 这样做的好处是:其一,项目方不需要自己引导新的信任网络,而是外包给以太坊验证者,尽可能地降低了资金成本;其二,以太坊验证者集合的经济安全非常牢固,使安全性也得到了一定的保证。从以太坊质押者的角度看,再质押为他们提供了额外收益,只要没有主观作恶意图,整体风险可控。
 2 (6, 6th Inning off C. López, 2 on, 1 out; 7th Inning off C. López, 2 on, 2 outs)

■ ■ ■ ■ ■

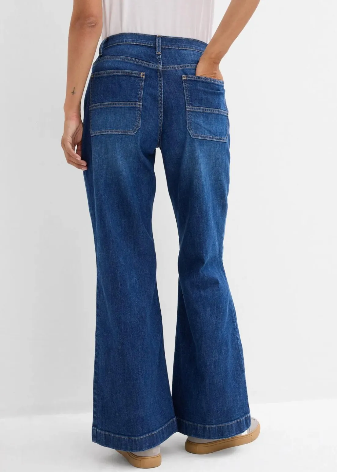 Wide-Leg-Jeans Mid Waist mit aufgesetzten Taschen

■ ■ ■ ■ ■

**TASK ITEM:** Go to the line with "这样做的好处是:其一,项目方" in the entries above and repeat every line from there through the line with "2 (6, 6th Inning", exactly and with no other text.

**OUTPUT BELOW:**
 这样做的好处是:其一,项目方不需要自己引导新的信任网络,而是外包给以太坊验证者,尽可能地降低了资金成本;其二,以太坊验证者集合的经济安全非常牢固,使安全性也得到了一定的保证。从以太坊质押者的角度看,再质押为他们提供了额外收益,只要没有主观作恶意图,整体风险可控。
 2 (6, 6th Inning off C. López, 2 on, 1 out; 7th Inning off C. López, 2 on, 2 outs)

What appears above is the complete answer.